Her analysis was contextualized partisanship and cold war politics, based on an ideology that applied about 30 years ago and does not apply in the present, certainly not to Obama’s situation, and in blatant denial of the many times that Obama has shown leadership.

To understand Noonan and her article you need to understand her politics.

Noonan was a speech writer for former U.S. Presidents Ronald Reagan and George Bush Sr. This was the cold war era a time in history when stark ideology was the paramount credential for good leadership and there was little or no tolerance for nuanced ideas. Maybe this was the prescribed remedy at the time at least with regard to combating communism but not apartheid, another scourge on human conscience at the time.

In the Reagan era, Nelson Mandela was considered a terrorist. Indeed Reagan and the then U.K. Prime Minister Thatcher, were “heroes of anticommunism but villains of apartheid”. So wrong were they on the issue of apartheid, that it coursed Archbishop Desmond Tutu – seen by many as a living saint in the realm of Mother Theresa – to denounce Reagan’s South Africa policy as “immoral, evil and totally un-Christian”.
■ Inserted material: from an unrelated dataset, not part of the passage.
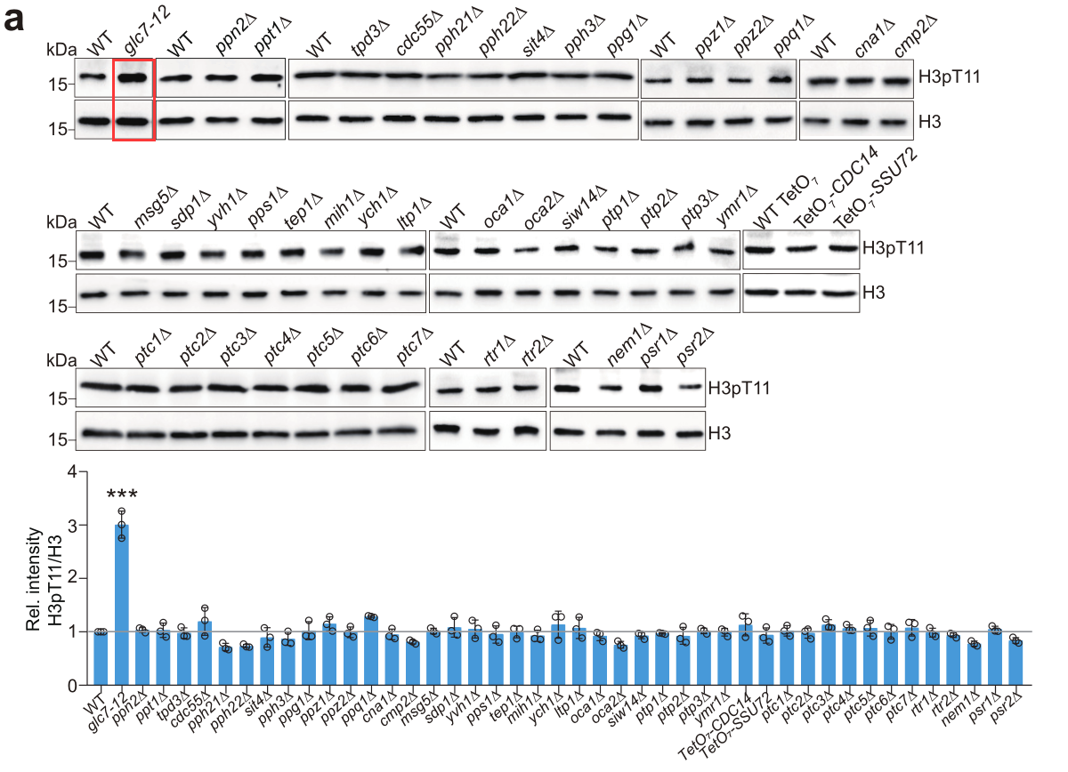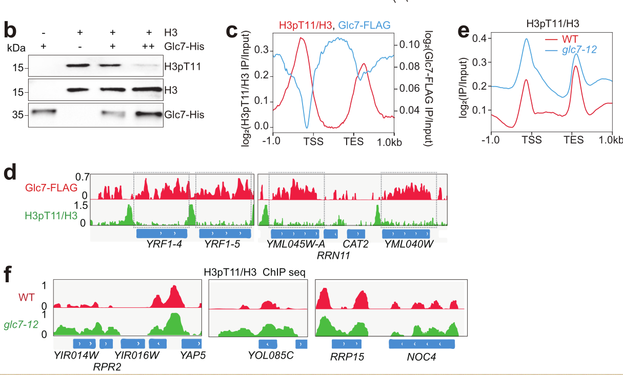 为寻找催化组蛋白H3pT11的磷酸酶,该课题组研究人员通过筛选酿酒酵母中磷酸酶突变体库发现调节糖原代谢的酶Glc7可直接催化H3T11去磷酸化(图2)。进一步研究发现Glc7与H3pT11在基因组上结合模式呈现相反趋势,Glc7催化编码区的组蛋白H3pT11去磷酸化(图2)。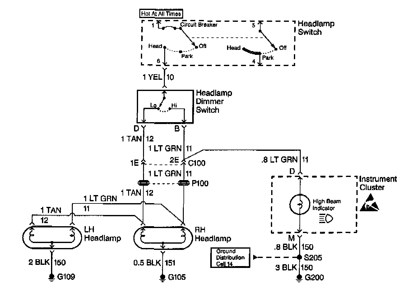 At this point analyze and (diagnose the problem), and develop text. Since the high beam indicator illuminated when the headlamp dimmer switch was in the high position, the high contacts of the headlamp dimmer switch and the LT GRN wire between the headlamp dimmer switch and C100 are good. At this point, it is extremely unlikely that the high beam filaments in the RH and LH headlamps are both open or that both headlamp connections are bad. The cause must be a bad connection at C100 or an open in the LT GRN wire between C100 and the RH headlamp.

It can be said that Reagan inadvertently aided the growth and rise of present international Jihadism by supporting the Taliban and other Jihadists because of his obsession with toppling communism. Talk about throwing away the baby with the birth water.

Reagan famously declared that the United States would never negotiate with terrorists after the U.S. embassy hostage debacle of the Carter administration but yet was willing to aid and abet them in Afghanistan.

Rather than stay and fight, Reagan cut and run in Lebanon after 241 marines were killed by terrorist bombs.

Reagan failed to lead – or at least show compassion – on civil rights and race issues. He opposed the civil rights act of 1964 and the voting rights act of 1965. He is also known for openly opposing Equal Amendments Rights – the amendment to the United States Constitution designed to guarantee equal rights for women.

On the economic front like Obama, Reagan came to office in the midst of an economic crisis. The resurgence of Europe and Japan was undercutting America’s manufacturing edge and the crises in the Middle East had caused an enormous jump in the price of oil. Reagan’s solution was “Reaganomics” i.e. to endorse free trade so called market liberalization which resulted in the relaxation of tariffs and the beginning of out sourcing.

Out sourcing resulted in the depletion of America’s manufacturing base (and jobs), creation of corporate tax heavens and the genesis of the US$16.7 trillion debt that America is saddled with. These policies favored the very rich at the expense of the middle class, the historic engine of American prosperity hitherto. The 2008/09 financial crisis is a culmination of years of “Reaganomics” policies.

Obama has been saddled with the task of cleaning up this mess and re-establishing the middle class. I guess having policies of restore America’s manufacturing base and rejuvenating her economy by plugging corporate tax loopholes, reckless deregulation and ending unsanctioned, unbudgeted wars is a sign of weak leadership in the eyes of the Peggy Noonans of this world.

Emmanuel Musaazi is a college professor based in Toronto, Canada.